— TASK GOAL —
Each entry below is to be restated word for word, with no pictures carried over.
── GIVEN RECORDS ──
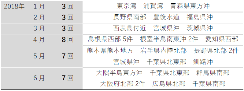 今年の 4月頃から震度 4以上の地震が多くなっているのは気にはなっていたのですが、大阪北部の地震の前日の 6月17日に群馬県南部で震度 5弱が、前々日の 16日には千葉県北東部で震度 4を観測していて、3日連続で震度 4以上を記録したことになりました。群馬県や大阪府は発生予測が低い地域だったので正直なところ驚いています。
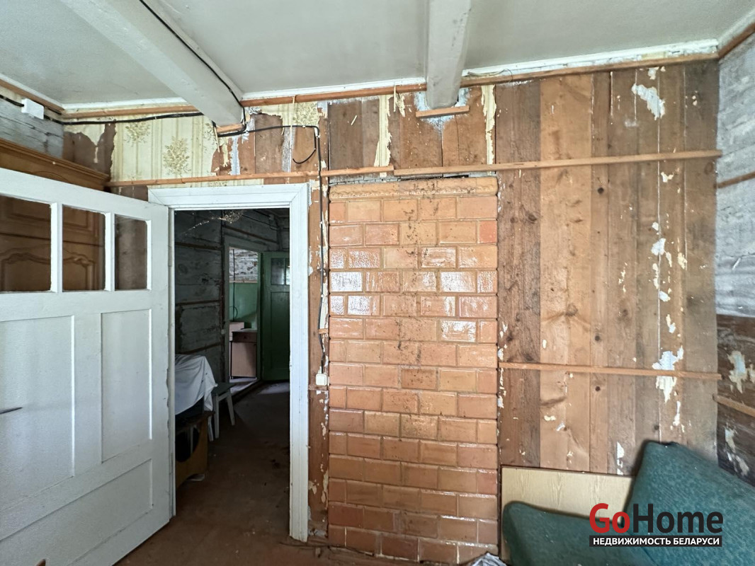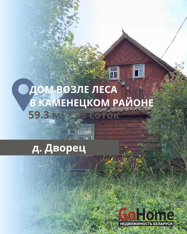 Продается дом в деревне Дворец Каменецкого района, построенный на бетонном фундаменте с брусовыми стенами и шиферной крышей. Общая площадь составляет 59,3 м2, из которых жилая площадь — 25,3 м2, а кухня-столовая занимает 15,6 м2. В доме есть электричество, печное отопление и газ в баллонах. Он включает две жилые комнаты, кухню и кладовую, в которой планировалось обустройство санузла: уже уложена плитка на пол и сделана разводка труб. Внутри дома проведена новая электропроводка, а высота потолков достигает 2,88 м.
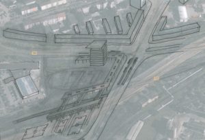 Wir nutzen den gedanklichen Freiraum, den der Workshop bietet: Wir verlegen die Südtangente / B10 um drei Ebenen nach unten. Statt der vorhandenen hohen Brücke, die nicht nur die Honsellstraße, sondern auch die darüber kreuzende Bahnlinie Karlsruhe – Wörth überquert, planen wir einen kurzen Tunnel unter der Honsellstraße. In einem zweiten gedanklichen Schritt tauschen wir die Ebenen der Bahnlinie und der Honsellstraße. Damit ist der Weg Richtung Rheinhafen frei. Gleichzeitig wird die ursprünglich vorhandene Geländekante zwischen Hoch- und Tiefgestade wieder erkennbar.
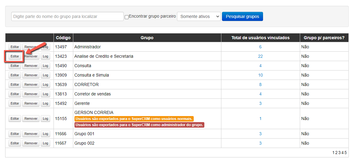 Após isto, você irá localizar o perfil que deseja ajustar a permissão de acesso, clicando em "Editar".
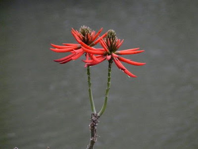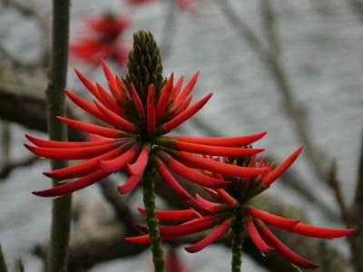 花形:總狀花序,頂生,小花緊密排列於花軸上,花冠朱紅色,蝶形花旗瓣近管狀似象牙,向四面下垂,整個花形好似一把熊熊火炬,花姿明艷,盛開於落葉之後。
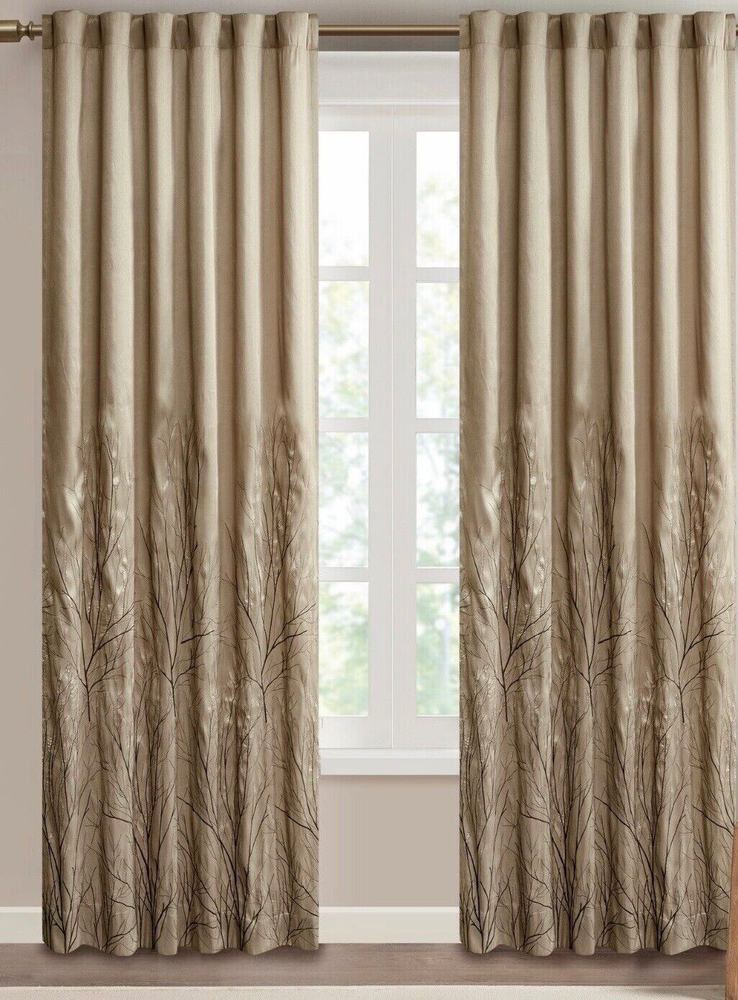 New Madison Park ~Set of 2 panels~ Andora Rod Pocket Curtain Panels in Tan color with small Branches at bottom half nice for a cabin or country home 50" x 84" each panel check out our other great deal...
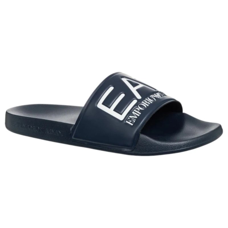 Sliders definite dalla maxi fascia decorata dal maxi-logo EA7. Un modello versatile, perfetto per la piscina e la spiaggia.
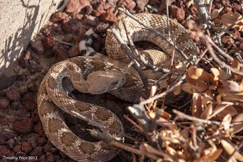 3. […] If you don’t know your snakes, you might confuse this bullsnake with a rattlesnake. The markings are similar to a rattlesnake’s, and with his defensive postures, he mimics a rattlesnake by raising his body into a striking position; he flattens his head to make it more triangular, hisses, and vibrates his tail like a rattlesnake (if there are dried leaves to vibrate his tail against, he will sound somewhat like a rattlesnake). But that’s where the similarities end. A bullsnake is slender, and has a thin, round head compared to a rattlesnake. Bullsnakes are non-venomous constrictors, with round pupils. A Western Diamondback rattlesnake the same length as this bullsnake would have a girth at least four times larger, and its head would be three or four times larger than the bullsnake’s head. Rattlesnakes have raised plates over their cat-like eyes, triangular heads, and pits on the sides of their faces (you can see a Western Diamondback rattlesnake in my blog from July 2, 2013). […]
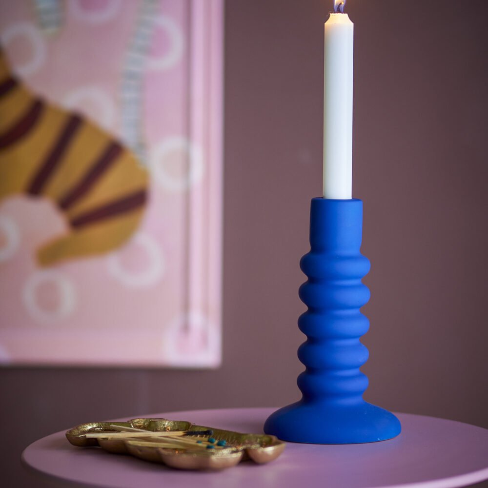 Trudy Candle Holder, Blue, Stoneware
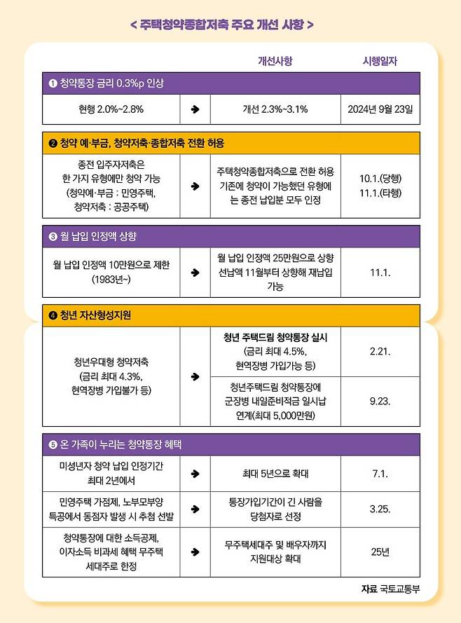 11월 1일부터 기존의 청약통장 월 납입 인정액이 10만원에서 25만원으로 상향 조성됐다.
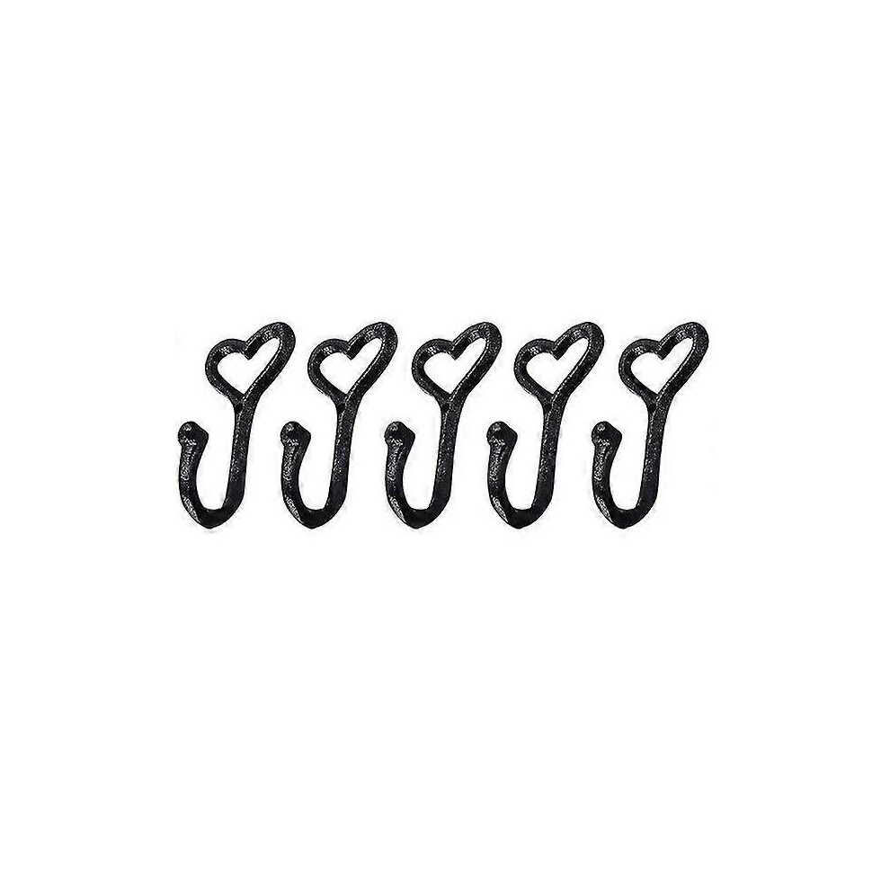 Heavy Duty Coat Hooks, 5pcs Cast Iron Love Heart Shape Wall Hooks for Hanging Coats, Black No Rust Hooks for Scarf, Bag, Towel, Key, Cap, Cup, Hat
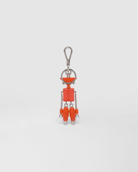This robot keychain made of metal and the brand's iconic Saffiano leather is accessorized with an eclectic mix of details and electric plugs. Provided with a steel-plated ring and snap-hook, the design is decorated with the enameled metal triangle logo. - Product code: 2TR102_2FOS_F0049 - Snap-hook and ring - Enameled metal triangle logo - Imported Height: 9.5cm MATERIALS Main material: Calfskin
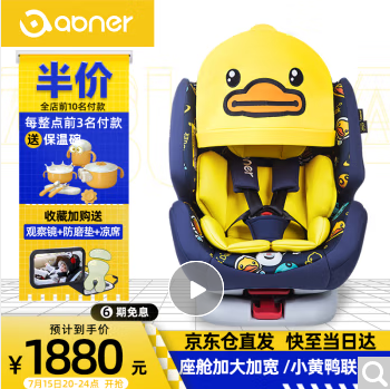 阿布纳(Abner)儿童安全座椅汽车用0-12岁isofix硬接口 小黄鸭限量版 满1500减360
───
— EXPECTED OUTPUT —
 今年の 4月頃から震度 4以上の地震が多くなっているのは気にはなっていたのですが、大阪北部の地震の前日の 6月17日に群馬県南部で震度 5弱が、前々日の 16日には千葉県北東部で震度 4を観測していて、3日連続で震度 4以上を記録したことになりました。群馬県や大阪府は発生予測が低い地域だったので正直なところ驚いています。
 Продается дом в деревне Дворец Каменецкого района, построенный на бетонном фундаменте с брусовыми стенами и шиферной крышей. Общая площадь составляет 59,3 м2, из которых жилая площадь — 25,3 м2, а кухня-столовая занимает 15,6 м2. В доме есть электричество, печное отопление и газ в баллонах. Он включает две жилые комнаты, кухню и кладовую, в которой планировалось обустройство санузла: уже уложена плитка на пол и сделана разводка труб. Внутри дома проведена новая электропроводка, а высота потолков достигает 2,88 м.
 Wir nutzen den gedanklichen Freiraum, den der Workshop bietet: Wir verlegen die Südtangente / B10 um drei Ebenen nach unten. Statt der vorhandenen hohen Brücke, die nicht nur die Honsellstraße, sondern auch die darüber kreuzende Bahnlinie Karlsruhe – Wörth überquert, planen wir einen kurzen Tunnel unter der Honsellstraße. In einem zweiten gedanklichen Schritt tauschen wir die Ebenen der Bahnlinie und der Honsellstraße. Damit ist der Weg Richtung Rheinhafen frei. Gleichzeitig wird die ursprünglich vorhandene Geländekante zwischen Hoch- und Tiefgestade wieder erkennbar.
 Após isto, você irá localizar o perfil que deseja ajustar a permissão de acesso, clicando em "Editar".
 花形:總狀花序,頂生,小花緊密排列於花軸上,花冠朱紅色,蝶形花旗瓣近管狀似象牙,向四面下垂,整個花形好似一把熊熊火炬,花姿明艷,盛開於落葉之後。
 New Madison Park ~Set of 2 panels~ Andora Rod Pocket Curtain Panels in Tan color with small Branches at bottom half nice for a cabin or country home 50" x 84" each panel check out our other great deal...
 Sliders definite dalla maxi fascia decorata dal maxi-logo EA7. Un modello versatile, perfetto per la piscina e la spiaggia.
 3. […] If you don’t know your snakes, you might confuse this bullsnake with a rattlesnake. The markings are similar to a rattlesnake’s, and with his defensive postures, he mimics a rattlesnake by raising his body into a striking position; he flattens his head to make it more triangular, hisses, and vibrates his tail like a rattlesnake (if there are dried leaves to vibrate his tail against, he will sound somewhat like a rattlesnake). But that’s where the similarities end. A bullsnake is slender, and has a thin, round head compared to a rattlesnake. Bullsnakes are non-venomous constrictors, with round pupils. A Western Diamondback rattlesnake the same length as this bullsnake would have a girth at least four times larger, and its head would be three or four times larger than the bullsnake’s head. Rattlesnakes have raised plates over their cat-like eyes, triangular heads, and pits on the sides of their faces (you can see a Western Diamondback rattlesnake in my blog from July 2, 2013). […]
 Trudy Candle Holder, Blue, Stoneware
 11월 1일부터 기존의 청약통장 월 납입 인정액이 10만원에서 25만원으로 상향 조성됐다.
 Heavy Duty Coat Hooks, 5pcs Cast Iron Love Heart Shape Wall Hooks for Hanging Coats, Black No Rust Hooks for Scarf, Bag, Towel, Key, Cap, Cup, Hat
This robot keychain made of metal and the brand's iconic Saffiano leather is accessorized with an eclectic mix of details and electric plugs. Provided with a steel-plated ring and snap-hook, the design is decorated with the enameled metal triangle logo. - Product code: 2TR102_2FOS_F0049 - Snap-hook and ring - Enameled metal triangle logo - Imported Height: 9.5cm MATERIALS Main material: Calfskin
 阿布纳(Abner)儿童安全座椅汽车用0-12岁isofix硬接口 小黄鸭限量版 满1500减360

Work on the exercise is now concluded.